Correlation Between United Integrated and LK Engineering
Can any of the company-specific risk be diversified away by investing in both United Integrated and LK Engineering at the same time? Although using a correlation coefficient on its own may not help to predict future stock returns, this module helps to understand the diversifiable risk of combining United Integrated and LK Engineering into the same portfolio, which is an essential part of the fundamental portfolio management process.
By analyzing existing cross correlation between United Integrated Services and LK Engineering Co, you can compare the effects of market volatilities on United Integrated and LK Engineering and check how they will diversify away market risk if combined in the same portfolio for a given time horizon. You can also utilize pair trading strategies of matching a long position in United Integrated with a short position of LK Engineering. Check out your portfolio center. Please also check ongoing floating volatility patterns of United Integrated and LK Engineering.

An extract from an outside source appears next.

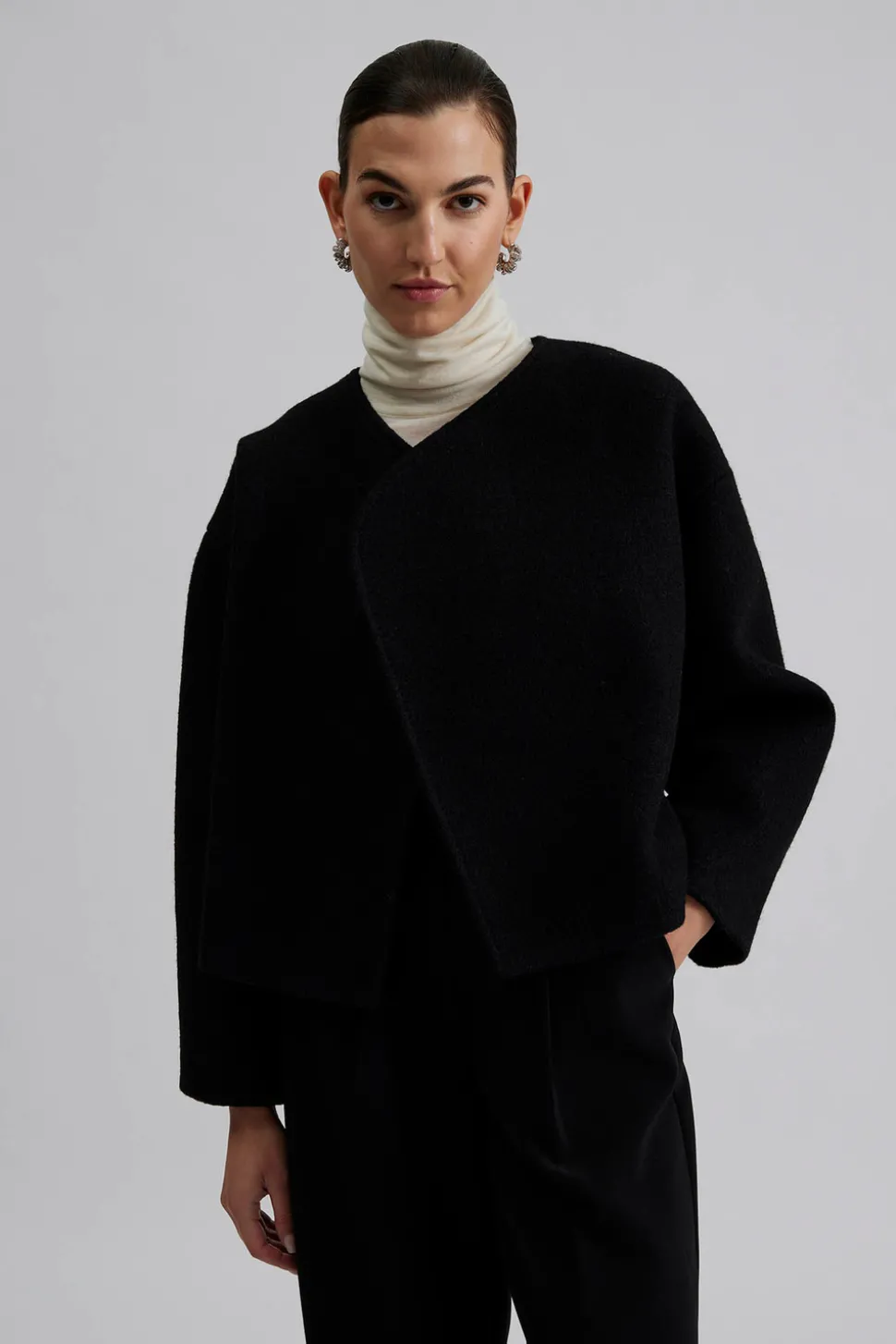 Croppad jacka i en ullblandning

Diversification Opportunities for United Integrated and LK Engineering
0.22 | Correlation Coefficient |
Modest diversification
The 3 months correlation between United and 6139 is 0.22. Overlapping area represents the amount of risk that can be diversified away by holding United Integrated Services and LK Engineering Co in the same portfolio, assuming nothing else is changed. The correlation between historical prices or returns on LK Engineering and United Integrated is a relative statistical measure of the degree to which these equity instruments tend to move together. The correlation coefficient measures the extent to which returns on United Integrated Services are associated (or correlated) with LK Engineering. Values of the correlation coefficient range from -1 to +1, where. The correlation of zero (0) is possible when the price movement of LK Engineering has no effect on the direction of United Integrated i.e., United Integrated and LK Engineering go up and down completely randomly.

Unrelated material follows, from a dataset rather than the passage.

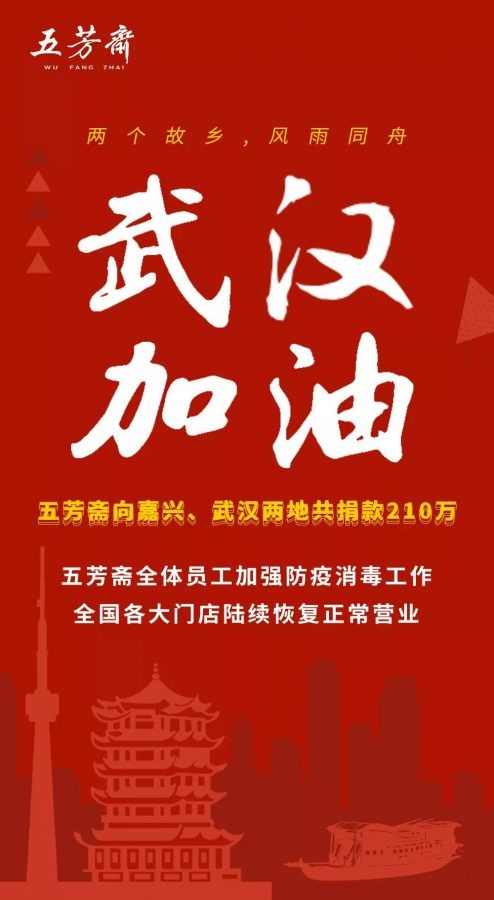 與你同在,五芳齋疫情預防措施全面升級! 2020-02-03 00:00:00 浙江五芳齋實業股份有限公司 瀏覽次數 20936 攜手同心,同舟共濟!齊心協力,共克時艱!五芳齋,一直都在你身邊!1月21日,我們第一時間啟動防控預案,率先下發了《關于門店做好防范新型病毒工作的通知》,要求門店做好員工培訓工作,重視疫情發展現狀,嚴格執行消毒操作,全面抓好各項防控措施。掌握員工尤其是湖北員工的身體狀況,建立好相關聯絡機制,做到密切關注、及時上報。與此同時,我們也緊急采取行動,為了讓全國所有五芳齋門店的消費者可以安心到店消費,也為了每一位五芳齋員工有安全健康的工作環境,我們對五芳齋各門店進行了門店預防措施全新升級! 門店:全面消毒 防護升級五芳齋各門店店內消毒全面升級,定期對店內所有公共接觸面進行消毒:包括收銀臺、出餐臺、桌椅、門把手、地面、洗手間等。 員工:上崗前測量體溫五芳齋所有門店員工上崗前均進行體溫測量和記錄,如有異常或有發燒或感冒癥狀,立即暫停服務就醫。勤洗手 勤消毒各門店均配備消毒洗手液,五芳齋的各位員工每隔30分鐘進行洗手和消毒。隔離病毒,不隔離愛除了做好門店、員工的防護措施,五芳齋還通過各種渠道為抗擊疫情一線人員提供支援,在嘉興、上海、杭州、武漢等地,通過向一線醫護人員、隔離人員提供餐食等舉措,幫助他們共同抗擊疫情。現在正是疫情防控的重要時刻。五芳齋在此呼吁:當您進入公共場所時,戴口罩、勤洗手、少出門,少一次聚會,多一分安全。重視防護,共克時艱!艱難時刻,我們在一起!2020年2月3日起,五芳齋全國門店陸續恢復營業,五芳齋持續關注疫情,武漢加油!中國加油! 上一條生命重于泰山、疫情就是命令、防控就是責任 下一條中秋公益行?美味暖人心——五芳齋幸福傳遞助學活動圓滿成功!

Pair Corralation between United Integrated and LK Engineering
Assuming the 90 days trading horizon United Integrated Services is expected to generate 0.95 times more return on investment than LK Engineering. However, United Integrated Services is 1.05 times less risky than LK Engineering. It trades about 0.41 of its potential returns per unit of risk. LK Engineering Co is currently generating about 0.04 per unit of risk. If you would invest 33,800 in United Integrated Services on August 31, 2024 and sell it today you would earn a total of 7,500 from holding United Integrated Services or generate 22.19% return on investment over 90 days.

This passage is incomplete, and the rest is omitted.